The first type of data is basically what comes directly from the instruments utilised in the experimental assays or the computational calculations. Ideally this follows the design of a pre-registration, in which the design of the experiment is published before the experiment is performed (see e.g. the Center of Open Science Pre-registration Challenge: cos.io/prereg/). The second type is data derived from the raw data, and aimed at making comparisons between experimental conditions, drawing conclusions, and other kinds of use and reuse of the data. This data may be stored as spreadsheets, but also in many other formats.

The third and fourth types of data are more about presentation of the data: the third kind is the presentation in formal journal applications and, for example, presented in tables as PDFs, spreadsheets, or data files. The fourth kind is particularly interesting and important to our project: data must be interactively available to enable reuse. For example, our modelling tasks depend on data to be available in a FAIR way (see below).

The Open Science expectations around data basically apply to all four kinds of data. However, it is clear that different solutions are needed for the different kinds. This is one reason why writing a clear DMP is non-trivial. The use of electronic notebooks (for both experimental and computational workflows) will ensure that data of types 1 and 2 above will be collected in a harmonised, ontology-linked, and database-compatible manner from the outset, thereby integrating data management with data generation, rather than data management being an add-on activity after associated with, for example, publication requirements for datasets to be deposited in appropriate databases. Free and commercial tools for keeping an electronic notebook are both available.

Data Life Cycle
The Data Life Cycle includes the entire process through which data is generated, acquired, analysed, manipulated and made available through publications and/or data repositories along with the metadata produced during the entire process. The fourth kind of data presented in the previous paragraph can also be seen as an overview of the life cycle of data. However, it should be noted that the availability of data does not constitute the start of the cycle: instead, the design of an experiment is a more appropriate start - see Appendix B for further details of the data life cycle as utilised in .

1.3.2 Formats of Data

The project aims to mainly use the following 3 data formats, which are broadly accepted by different subgroups of the nanoinformatics community. Each has advantages and disadvantages, which aims to overcome through suitable modifications, that will be documented in full detail within the subsequent deliverables and published metadata. In any case, the nature of the project makes it possible that more data formats will be implemented to facilitate the different needs of the e-infrastructure users, and will be added to subsequent versions of this document as the needs arise.

1. ISA (-tab or -json)

     a. The advantage of the use of the ISA type templates is the flexibility they demonstrate with respect to creation and design for any type of experiments and the addition / subtraction of columns to fit all experimental needs (methods, descriptors etc.).
     b. Disadvantages of the ISA- templates include the lack of description of the file formats for both data and metadata. They are also not necessarily linked with specific ontologies and thus the naming of the columns is not regulated and protocolled. At the same time, only the file names, and not the file types, are generally available. The latter disadvantage could be potentially overcome with the use of an interoperability layer within the data management infrastructure, which will describe the dataset using a specific ontology and taxonomy.
     c.

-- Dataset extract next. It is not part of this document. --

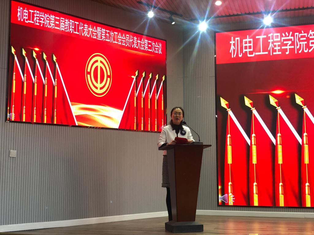 何燕向大会作了《解放思想 攻坚克难 不忘初心使命 潜心立德树人 全面推动学院各项事业行稳致远向前进》的工作报告。指出第三届教代会暨第五次工代会第二次会议以来,学院各方面工作取得了丰硕的成绩,公司党建、员工教育管理、教学管理等各项考核位居学校前列,团队建设取得重大发展,科研成果成就创历史性突破。太阳成tyc7111cc将始终高举创新发展的旗帜,在公司党委、校行政的坚强领导下,以党建推动中心工作为宗旨,以智能制造统揽全局,凝心聚力,推动各项事业跨上新征程、迈上新台阶!

The ISA-(TAB/JSON)-nano addon is currently not as developed [8], but is the started norm in the nano-field, although is rarely applied to the letter. ISA- (TAB/JSON)-nano is being promoted by the US National Cancer Institute and the eNanoMapper data portal.

2. NIKC

     a. The advantages of the NIKC template, which is an extension of the ISA-tab nano, are its dynamic nature and design flexibility, being able to facilitate all aspects of nanosafety research (e.g. nanomaterials characterization including transformations and ageing, exposure, environmental as well as human hazard and risk assessment, regulatory), while accepting the attachment of images. The currently developed NIKC/ ontology, which builds on the eNanoMapper ontology, also ensures harmonised data curation, the use of specific nomenclature and the ability to combine available datasets, test for experimental and data gaps and increase data quality. The NIKC instance approach is also a big step forward in conceptually representing nanomaterials data as it recognises the dynamic nature of nanomaterials and their interaction with their surroundings. NIKC considers the nanomaterial as single entity with its surrounding environment “demanding” the characterisation of both to be complete. It also offers the possibility to create a data tree that includes experimental workflows, from different aspects of nanosafety research that can link back to the same nanomaterial (when applicable) allowing data interoperability and translational research. Finally, another novelty of the NIKC templates is the use of both protocols and instrument settings / types as data points. This allows both the identification of data mismatches based on slight experimental deviations, as well as potential differences between descriptors being measured using different instruments [9].
     b. The disadvantages of the NIKC templates are that are complicated and time consuming to design and build. They also span at several different tabs that require the logging of a large amount of information. As a result, they need extended training from experienced curators that are also tasked to QC the produced templates. Some of the issues could be circumvented with the development and use of an automated system of template creation, based on a questionnaire system and having a predefined set of nanomaterials characterisation template. Additionally, as more and more study templates are developed, reuse will be possible with potentially minor tweaks.

3. ToxML
     a. The advantage of the ToxML data format is the robust design of the files, which also simplifies interoperability. The latter, in certain cases, can also be considered as a disadvantage.
     b. The drawbacks for the use of ToxML is the difficulty to implement changes, which have to proposed and then reviewed and accepted by the supervisory board making the process extremely time consuming. As a result, the consortium should make provisions for the implementation of non-standard entries and add the necessary tools to update the entries when the required standard covering them is made available.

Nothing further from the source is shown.